THE BIRDS AND THE BEES. The True Story

When October comes along we stock up on bird seed for the winter and try to make the right choices; some cheap brands are no good. A visit to the Cornell University Ornithology lab website would help us know what is best. Here we learn that some of the most common seeds are: sunflower, safflower, millet, cracked corn, peanut hearts, flax, sorghum and rape seed.

A house finch eating sunflower seed
Sunflower tops the list of preferred bird food because it is nutritious and rich in oils, badly needed by winter birds to generate the energy that keeps them warm. Some types of millets and flax are regarded as fillers and the Cornell lab doesn’t recommend them.

Woodpecker feasting on peanuts
The visitors to your bird feeder are wild animals that can survive on their own without your handouts.
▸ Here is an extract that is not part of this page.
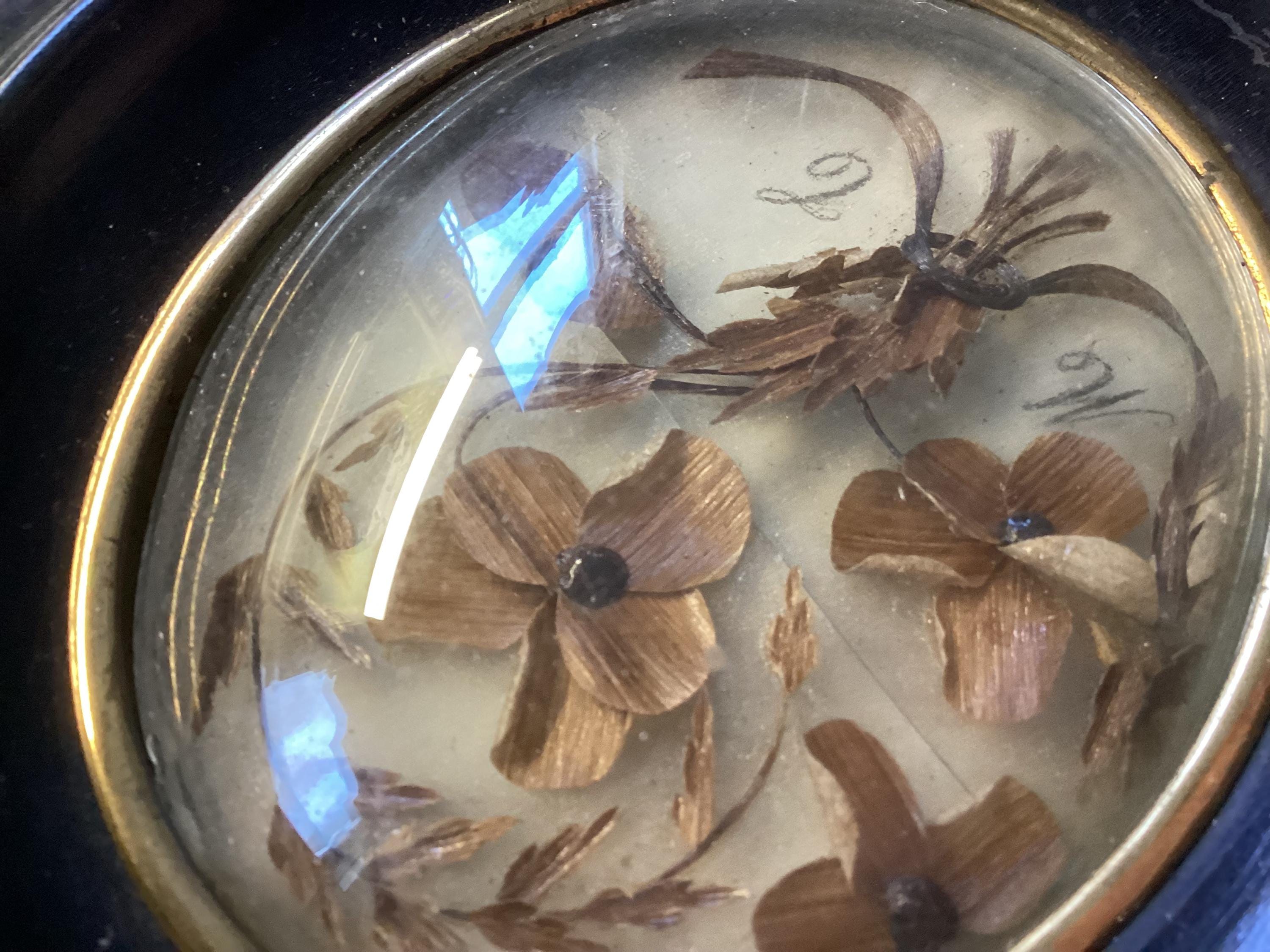 French mourning hair. Set in ebony Bo be glass frame. Floral bouquet of loved one. Measures. 6” x 5 “

They are resourceful and can find wild foods through the winter; in fact many of them simply have no access to birdfeeders. They eat wild seeds similar to the ones you provide and berries of many sorts. If you are a birdwatcher you know that a good way to spot finches and other small birds in winter is to look at shrubs, preferably the ones laden with berries.

Let us examine these foods from a different angle. It is said that thirty percent of all the food that humans eat comes to them courtesy of pollinators primarily bees, what about bird food?

Long-horned bee pollinating a sunflower
Millet, corn and sorghum are cereals; the plants that produce them are wind pollinated. All the other bird seeds are from flowering plants that require the services of pollinators to produce seed. We are familiar with the flashy sunflowers and may have seen bees visiting them. Safflower is a type of thistle, also a blooming plant. Peanuts are members of the pea family with complicated flowers that require skilled pollinators to trip them and get to the pollen; these plants sometimes dispense with pollinators and simply fertilize themselves, but they produce more seed when pollinators are present. Rape is mustard, also dependent on pollinators. Finally, berries are dependent on pollinators.
So this is the true story of the birds and the bees.